Tue-Ses1-P4: Speaker Recognition and Diarisation
| Time: | Tuesday 10:00 |
Place: | Hewison Hall |
Type: | Poster |
| Chair: | Sadaoki Furui |
| #1 | Importance of Nasality Measures for Speaker Recognition Data Selection and Performance Prediction
Howard Lei (International Computer Science Institute) Eduardo Lopez-Gonzalo (Dep. of Signals, Systems and Radiocomm., Universidad Politecnica Madrid, Spain)

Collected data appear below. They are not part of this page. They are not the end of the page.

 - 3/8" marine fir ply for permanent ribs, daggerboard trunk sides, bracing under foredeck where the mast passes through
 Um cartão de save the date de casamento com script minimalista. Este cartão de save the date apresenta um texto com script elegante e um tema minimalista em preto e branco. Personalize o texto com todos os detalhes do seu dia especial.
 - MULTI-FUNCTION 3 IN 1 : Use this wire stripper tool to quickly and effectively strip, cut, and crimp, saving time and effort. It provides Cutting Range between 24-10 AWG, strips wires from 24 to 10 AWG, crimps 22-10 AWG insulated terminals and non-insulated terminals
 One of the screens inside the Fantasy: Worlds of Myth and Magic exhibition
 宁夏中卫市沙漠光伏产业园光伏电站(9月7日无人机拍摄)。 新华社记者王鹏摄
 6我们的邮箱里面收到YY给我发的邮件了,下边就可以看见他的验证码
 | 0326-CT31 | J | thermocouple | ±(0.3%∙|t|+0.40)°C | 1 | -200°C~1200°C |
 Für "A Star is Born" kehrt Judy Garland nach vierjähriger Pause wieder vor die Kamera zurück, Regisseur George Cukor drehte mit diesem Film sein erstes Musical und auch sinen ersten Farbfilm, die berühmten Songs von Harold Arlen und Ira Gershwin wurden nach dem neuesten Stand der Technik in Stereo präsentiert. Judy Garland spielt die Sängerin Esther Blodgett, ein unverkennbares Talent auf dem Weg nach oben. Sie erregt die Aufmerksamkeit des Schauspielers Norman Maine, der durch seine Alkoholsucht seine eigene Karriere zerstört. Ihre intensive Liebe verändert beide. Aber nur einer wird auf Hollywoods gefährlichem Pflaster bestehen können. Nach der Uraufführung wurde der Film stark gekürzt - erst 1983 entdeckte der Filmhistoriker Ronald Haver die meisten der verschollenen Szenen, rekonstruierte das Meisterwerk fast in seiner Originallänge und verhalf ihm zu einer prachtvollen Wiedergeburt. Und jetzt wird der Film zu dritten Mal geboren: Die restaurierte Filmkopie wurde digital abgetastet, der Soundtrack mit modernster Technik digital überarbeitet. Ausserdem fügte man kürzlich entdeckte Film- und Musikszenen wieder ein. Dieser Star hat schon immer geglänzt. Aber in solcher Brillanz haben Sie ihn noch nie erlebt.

We improve upon measures relating feature vector distributions to speaker recognition (SR) performances for SR performance prediction and arbitrary data selection. In particular, we examine the means and variances of 11 features pertaining to nasality (resulting in 22 measures), computing them on feature vectors of phones to determine which measures give good SR performance prediction of phones. We've found that the combination of nasality measures give a 0.917 correlation with the Equal Error Rates (EERs) of phones on SRE08, exceeding the correlation of our previous best measure (mutual information) by 12.7%. When implemented in our data-selection scheme (which does not require a SR system to be run), the nasality measures allow us to select data with combined EER better than data selected via running a SR system in certain cases, at a fortieth of the computational costs. The nasality measures require a tenth of the computational costs compared to our previous best measure.
|
| #2 | Exploration of Vocal Excitation Modulation Features for Speaker Recognition
Ning Wang (Department of Electronic Engineering, The Chinese University of Hong Kong) P. C. Ching (Department of Electronic Engineering, The Chinese University of Hong Kong) Tan Lee (Department of Electronic Engineering, The Chinese University of Hong Kong)

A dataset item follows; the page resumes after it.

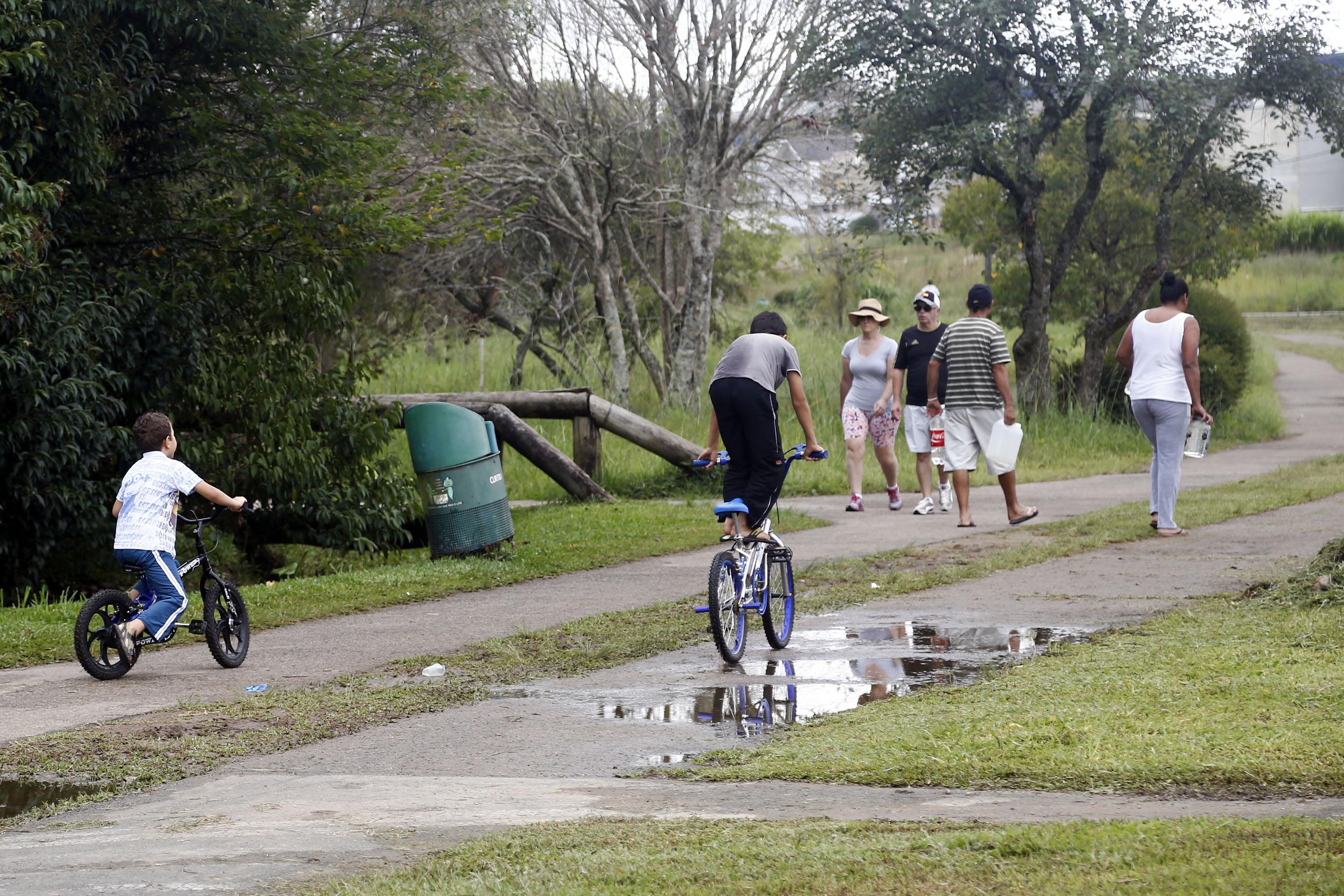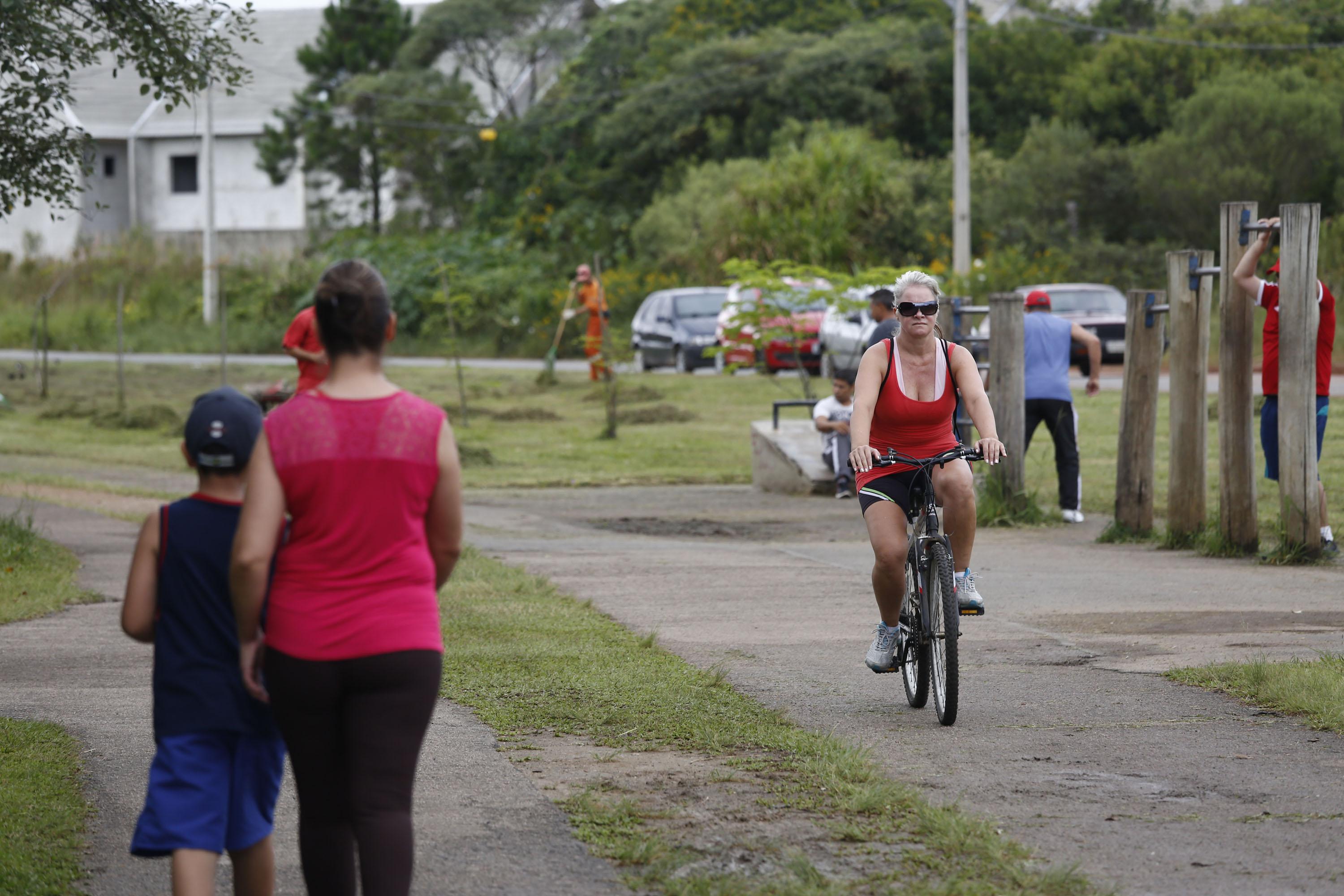 Outra questão que incomoda quem faz caminhada é o tráfego de bicicletas pela pista. Placas indicam que é proibido usar o meio de transporte no local. “Se não tomar cuidado eles passam em cima, porque andam em alta velocidade. Além de atrapalhar os pedestres, tem o perigo de atropelar”, conta Valdemir. Segundo ele, o movimento de bikes é intenso todos os dias pela manhã cedo e à tarde. Thiago diz que anda de bicicleta pelo parque e nunca reparou nas placas. “Não tem organização, é bicicleta e gente junto na pista, tenho medo de atropelar alguém”, admite.

To derive spectro-temporal vocal source features complementary to the conventional spectral-based vocal tract features in improving the performance and reliability of a speaker recognition system, the excitation related modulation properties are studied. Through multi-band demodulation method, source-related amplitude and phase quantities are parameterized into feature vectors. Evaluation of the proposed features is carried out first through a set of designed experiments on artificially generated inputs, and then by simulations on speech corpus. It is observed via the designed experiments that the proposed features are capable of capturing the vocal differences in terms of F0 variation, pitch epoch shape, and relevant excitation details between epochs. In the simulations, by combination with the standard spectral features, both the amplitude and the phase-related features are shown to evidently reduce the identification error rate and equal error rate in the speaker recognition system.
|
| #3 | Speaker Identification for Whispered Speech Using Modified Temporal Patterns and MFCCs
Xing Fan (Center for Robust Speech Systems (CRSS), Erik Jonsson School of Engineering & Computer Science, University of Texas at Dallas, Richardson, Texas 75083, USA) John H.L. Hansen (Center for Robust Speech Systems (CRSS), Erik Jonsson School of Engineering & Computer Science, University of Texas at Dallas, Richardson, Texas 75083, USA)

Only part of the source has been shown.